San Francisco Grocery Stores and Plastic Bags

I went into my (very non-grub) Mollie Stone’s over the weekend and as my purchase was loaded into its plastic bag (without any hint of the old “Paper or Plastic?” option), I asked when they’d be transitioning to paper bags. The checker gave me a date in late November 2007.

My Google skills must suck as I can’t find much other information on when major grocery chains are supposed to uphold the ban. But I did find an interesting article at Sam Spade’s San Francisco. He makes a few observations about Safeway (boo hiss, it plays the role of corporate meanie in this post), and other grocery stores.
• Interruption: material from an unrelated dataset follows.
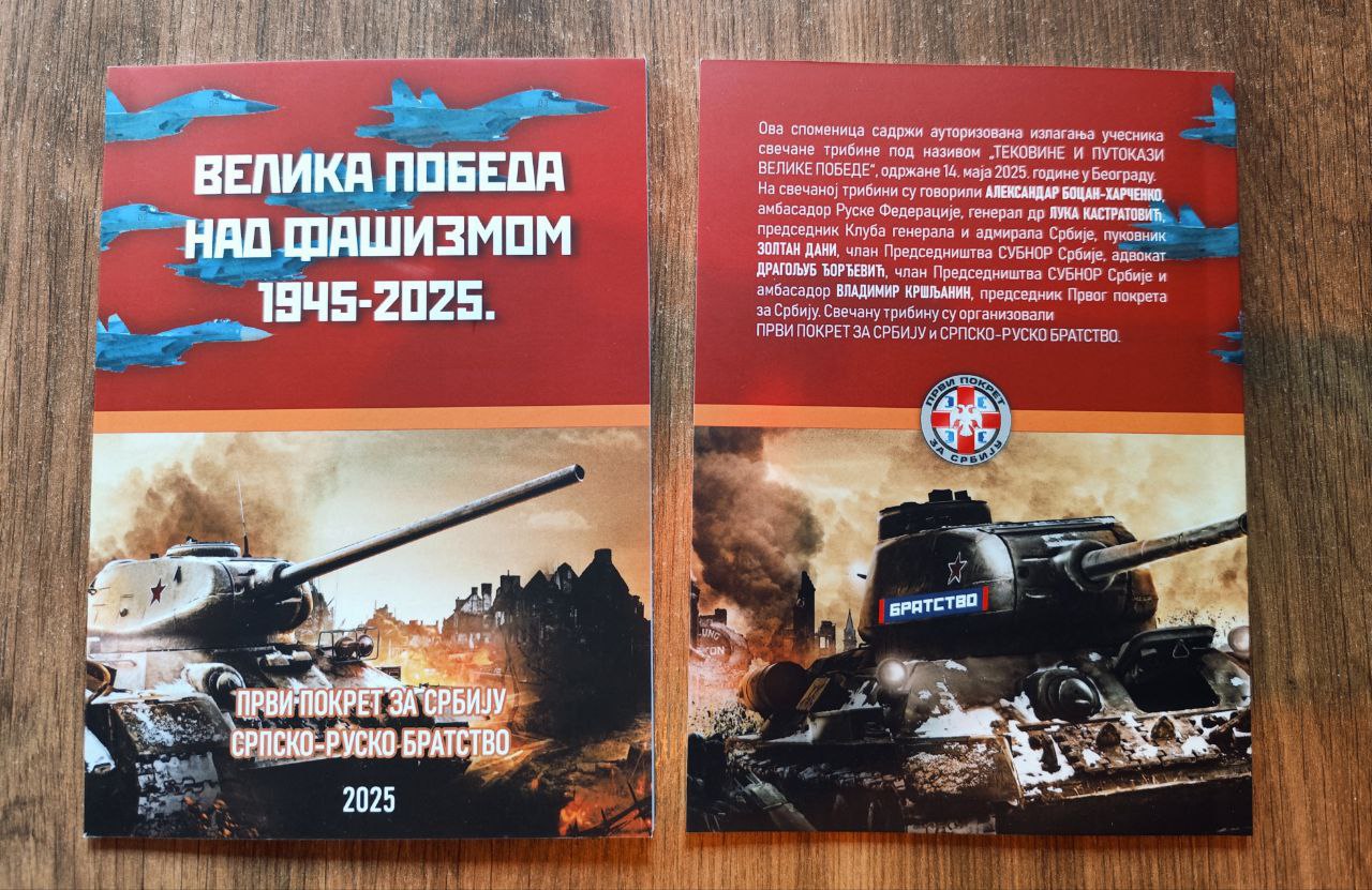 У издању Српско-руског Братства објављена је споменица „Велика Победа над фашизмом 1945-2025.“ која садржи ауторизована излагања учесника свечане трибине под називом „Тековине и путокази Велике Победе“, одржане 14. маја 2025. године у Београду. Свечану трибину су организовали Први покрет за Србију и Српско-руско Братство. На трибини су говорили: Александар Боцан-Харченко, амбасадор Руске Федерације, амбасадор Владимир Кршљанин, председник Првог покрета за Србију, генерал др Лука Кастратовић, председник Клуба генерала и адмирала Србије, пуковник Золтан Дани, члан Председништва СУБНОР Србије, и адвокат Драгољуб Ђорђевић, члан Председништва СУБНОР Србије.

If what he says is valid, why not take an extra moment to ask for paper (or use a bag?):

Most major supermarkets have reduced their supplies of paper bags. They are doing everything they can to push plastic on us. For example, have you asked for paper bags at Safeway. Half the time they tell you they are out of paper bags, which is a bold faced lie. The rest of the time they ignore you and start stuffing your groceries in plastic bags, hoping you’ll not notice and not object. Safeway wants you to be compliant, obedient clone-customers.

Don’t let them lead you around by the nose … demand paper bags (be sure to ask BEFORE you pay the bill) and tell them to switch to non-petroleum-based biodegradable bags.

But what does the data say about plastic bag use in San Francisco? It boils down to politics, my friend, if you want to believe Sam Spade:

In November 2005, Mayor Newsom worked with the supermarkets to create a voluntary Plastic Bag Reduction Plan to eliminate 10 million bags and increase in-store recycling. Not only did the markets fail to meet these goals, they lobbied for a state bill that now prohibits San Francisco from auditing or taxing plastic bags. Safeway was one of the major contributors!

If you’re conscientious enough to bring your own bags to the grocery store, you’re one step ahead of the game. If you like to just be contrarian and annoy the corporate wonks, try to ask for paper before they’ve bagged your groceries. Or to be a real green jerk, have them start bagging things in plastic, look aghast, and say, “Er, no, I want those in paper, please.”